» THE PROBLEM: Although the records contain pictures, repeat only the text of every line exactly.

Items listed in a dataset

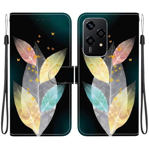 Funda de Cuero con Dibujo a Color y Textura de Cristal Global para Honor 200 Lite (Hojas de Colores)
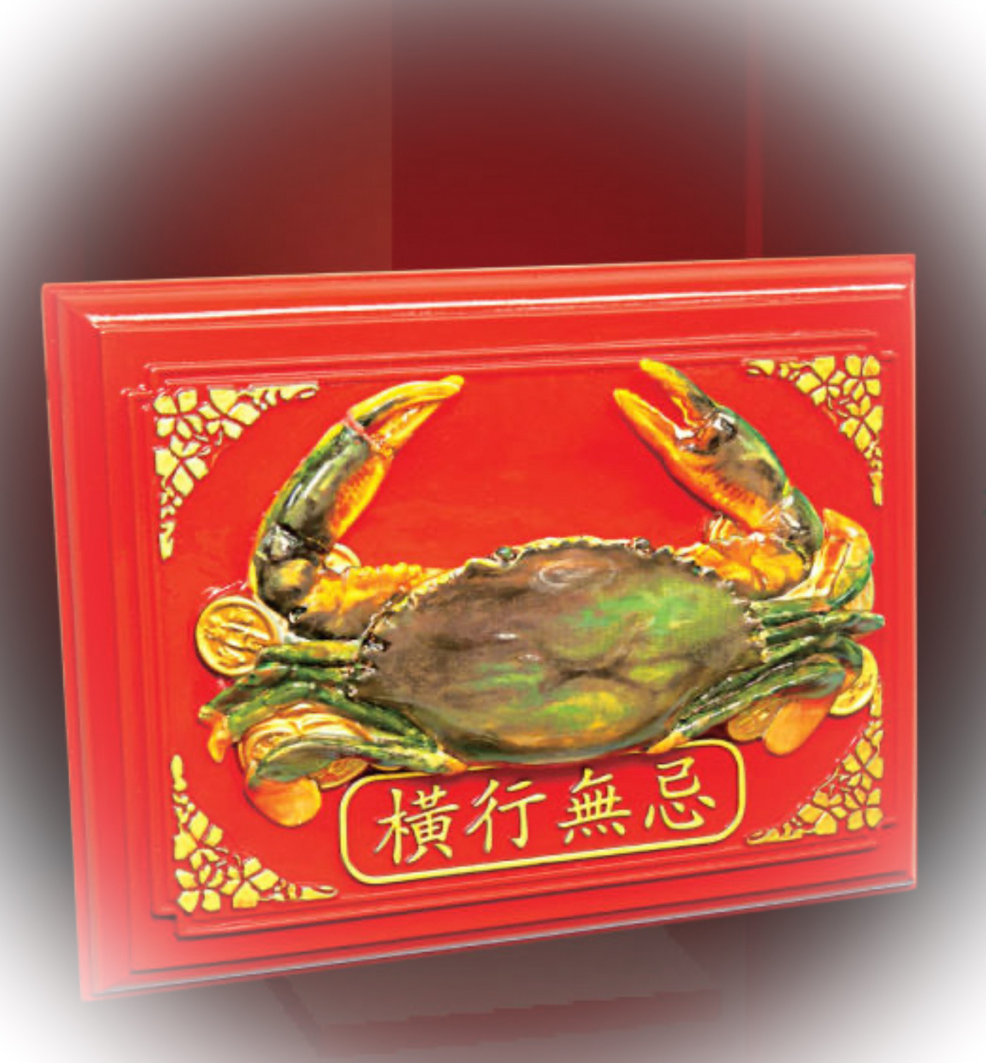 「橫行無忌」牌是一隻青色的蟹將軍,鑲嵌於紅色牌匾上,生氣勃勃,寓意鴻運當頭。蟹為青色,是有意設計,寓意生猛有活力。蟹也是所有女性旺夫運之最佳風水物。
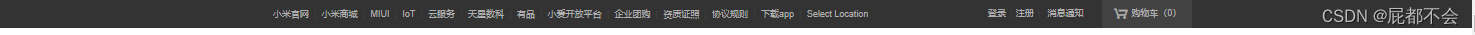 </head><body><header><div><ul class="left"><li>小米官网</li><span>|</span><li>小米商城</li><span>|</span><li>MIUI</li><span>|</span><li>lot</li><span>|</span><li>云服务</li><span>|</span><li>天星数科</li><span>|</span><li>有品</li><span>|</span><li>小爱开发平台</li><span>|</span><li>企业团购</li><span>|</span><li>资质证照</li><span>|</span><li>协议规则</li><span>|</span><li>下载app</li><span>|</span><li>Select location</li></ul><ul class="right"><li>🛒购物车(0)</li><li>消息通知</li><span>|</span><li>注册</li><span>|</span><li>登录</li></ul></div></header>
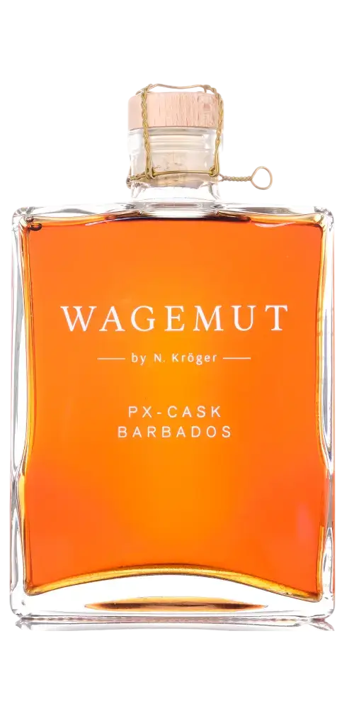 Wagemut PX‑Cask: 10 Jahre Barbados‑Rum aus Pot‑/Column‑Distillation, veredelt mit 3 Monaten Pedro Ximénez Sherry‑Finish in Deutschland. Ohne Zucker oder Farbstoff. Weich, fruchtig mit Vanille‑ und Sherry‑noten – ein süffiger Einstieg für alle Rum‑Liebhaber.
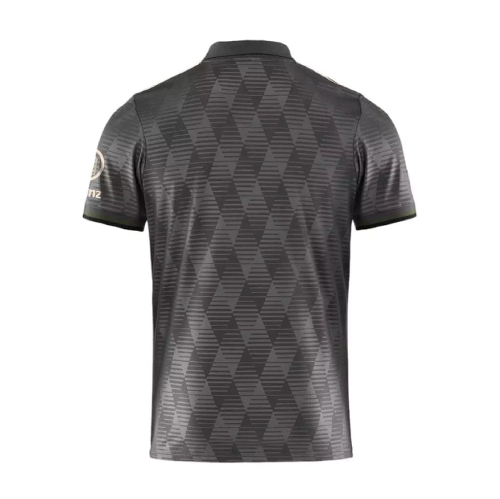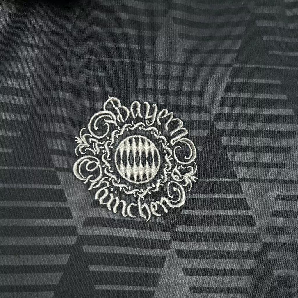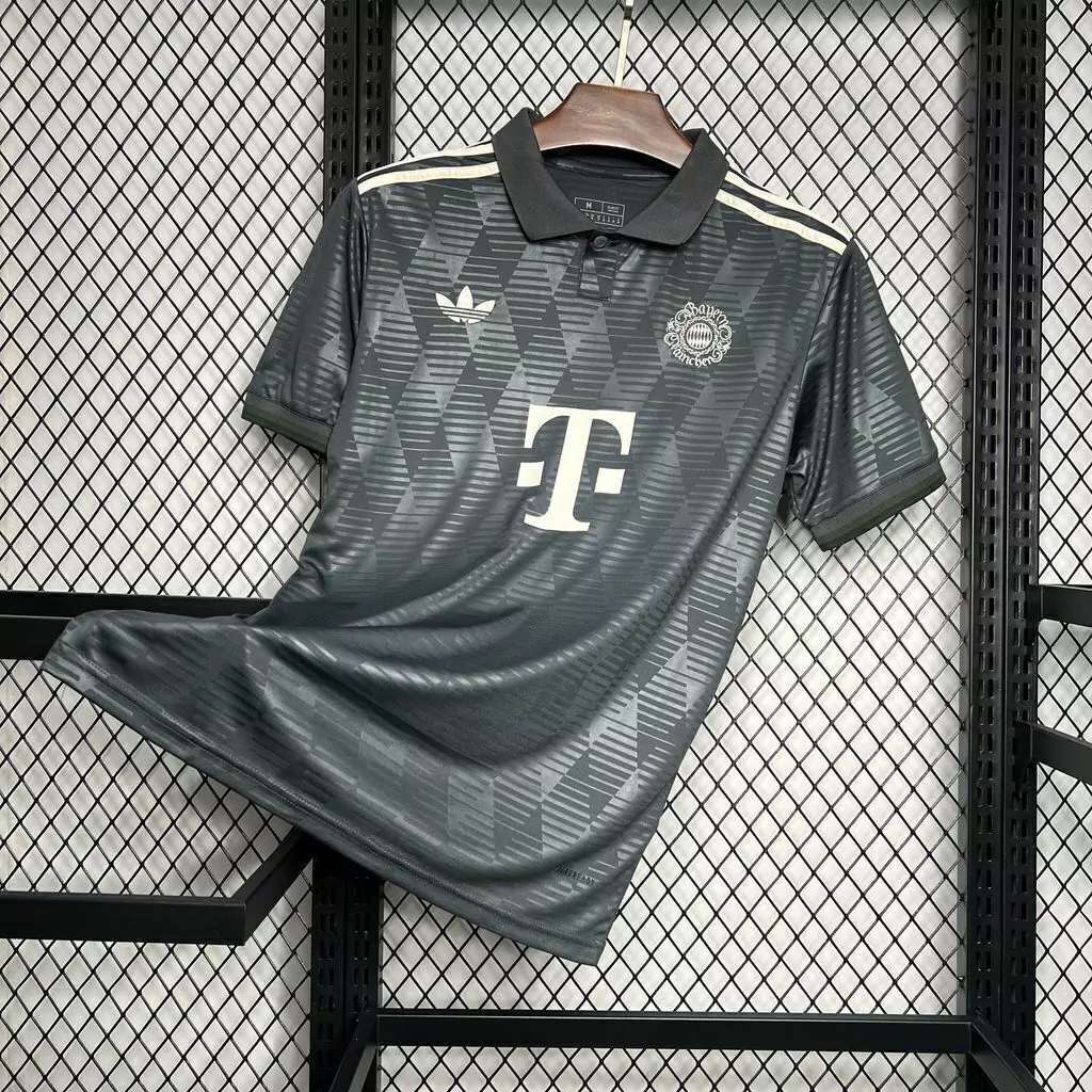 A nova camisa especial do Bayern de Munique para a Oktoberfest 2024 homenageia o “Trachten,” traje tradicional alemão usado durante a festa, com uma base cinza e um padrão gráfico de diamantes em tom sobre tom.

» REPLY:
 Funda de Cuero con Dibujo a Color y Textura de Cristal Global para Honor 200 Lite (Hojas de Colores)
 「橫行無忌」牌是一隻青色的蟹將軍,鑲嵌於紅色牌匾上,生氣勃勃,寓意鴻運當頭。蟹為青色,是有意設計,寓意生猛有活力。蟹也是所有女性旺夫運之最佳風水物。
 </head><body><header><div><ul class="left"><li>小米官网</li><span>|</span><li>小米商城</li><span>|</span><li>MIUI</li><span>|</span><li>lot</li><span>|</span><li>云服务</li><span>|</span><li>天星数科</li><span>|</span><li>有品</li><span>|</span><li>小爱开发平台</li><span>|</span><li>企业团购</li><span>|</span><li>资质证照</li><span>|</span><li>协议规则</li><span>|</span><li>下载app</li><span>|</span><li>Select location</li></ul><ul class="right"><li>🛒购物车(0)</li><li>消息通知</li><span>|</span><li>注册</li><span>|</span><li>登录</li></ul></div></header>
 Wagemut PX‑Cask: 10 Jahre Barbados‑Rum aus Pot‑/Column‑Distillation, veredelt mit 3 Monaten Pedro Ximénez Sherry‑Finish in Deutschland. Ohne Zucker oder Farbstoff. Weich, fruchtig mit Vanille‑ und Sherry‑noten – ein süffiger Einstieg für alle Rum‑Liebhaber.
 A nova camisa especial do Bayern de Munique para a Oktoberfest 2024 homenageia o “Trachten,” traje tradicional alemão usado durante a festa, com uma base cinza e um padrão gráfico de diamantes em tom sobre tom.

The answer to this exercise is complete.